And the alignment takes far less that “a few minutes”. I’d say something like 10s to 30s?

On our aircraft it always takes longer than 30 seconds, but not several minutes either.

I have first-hand knowledge that a G500 will realign in flight, in cloud/IMC (somewhat turbulent, but not horribly so) when its power is cycled. However, time certainly feels longer during that time

The G1000 can also realign in flight. It happened to me after a temporary failure and restart of the AHRS.

This is what the manual has to say on the matter:

On the PFD, the AHRS begins to initialize and displays “AHRS ALIGN: Keep Wings Level”. The AHRS should display valid attitude and heading fields typically within the first minute of power-up. The AHRS can align itself both while taxiing and during level flight.

NOTE: In-flight initialization of AHRS, when operating without any valid source of GPS data and at true air speed values greater than approximately 200 knots, is not guaranteed. Under these rare conditions, it is possible for in-flight AHRS initialization to take an indefinite amount of time which would result in an extended period of time where valid AHRS outputs are unavailable.

Last Edited by Airborne_Again at 28 Jun 08:05
ESKC (Uppsala/Sundbro), Sweden

Okay tried this yesterday and it worked, there is actually a CB just for AHRS so I pulled that one, waited a few seconds and then popped it back in.
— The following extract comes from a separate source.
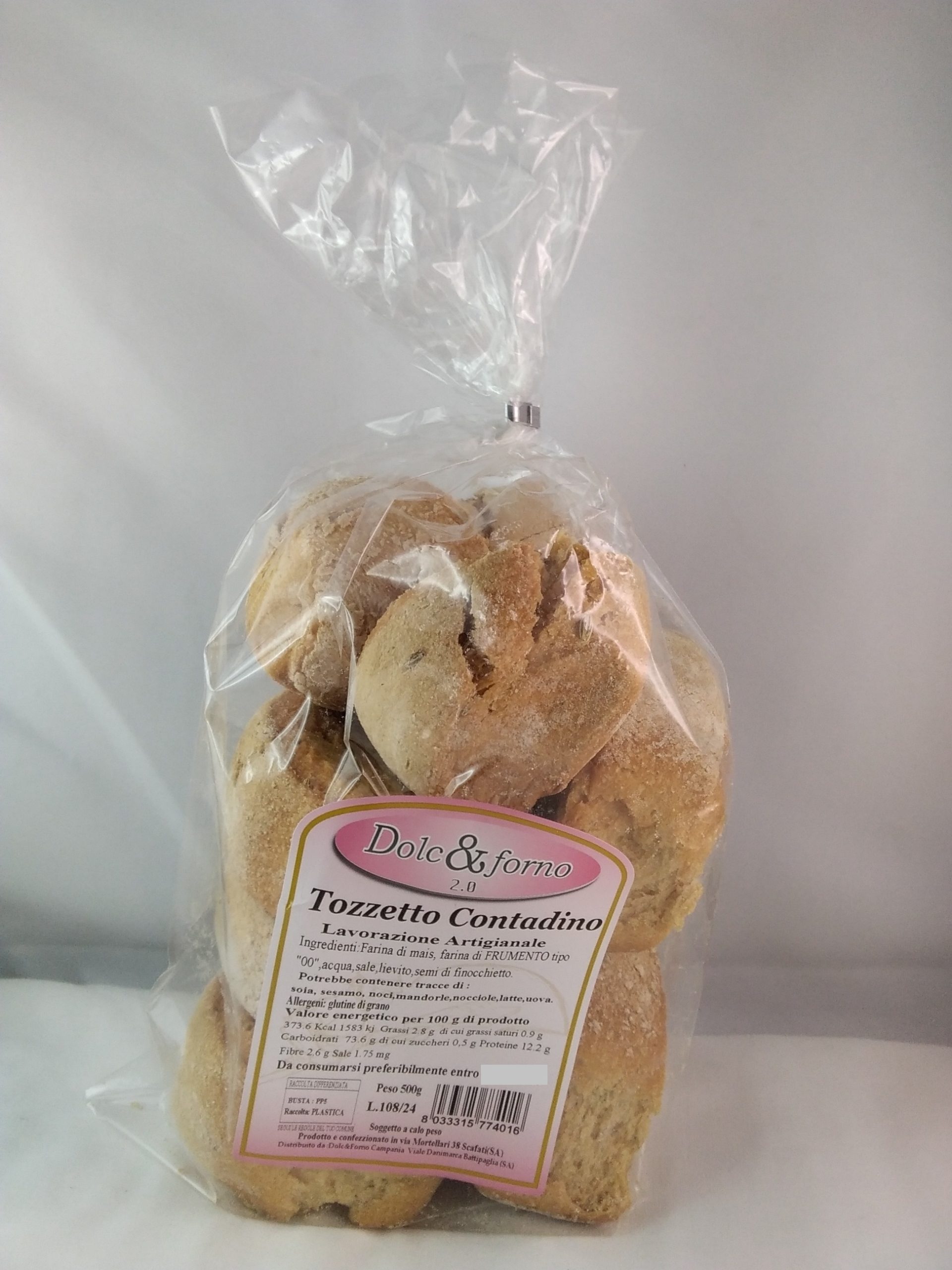 Ingredienti: Farina di mais; Farina di Frumento tipo 00; acqua; sale; lievito; semi di finocchietto.

PFD displayed X and then the usual AHRS alignment message. The process took a bit longer than when it’s done on the ground but the result was a nicely aligned AI. I did it in the air because I forgot when taxiing :-D

I still wonder if maybe there is something wrong with the AHRS in this aircraft though if it is supposed to compensate for wonky ramps?

ESOW, Västerås, Sweden

Deephack wrote:

I still wonder if maybe there is something wrong with the AHRS in this aircraft though if it is supposed to compensate for wonky ramps?

Does the ramp lead to ground position of the aircraft that is more than than 20 degrees of roll or more than 5 degrees of pitch away from the horizontal? 5 degrees is a slope of 8.7% and 20 degrees is 36.4%.

ELLX

No, I would say that it’s more like 3 degrees so perhaps I need to add a remark to the logbook.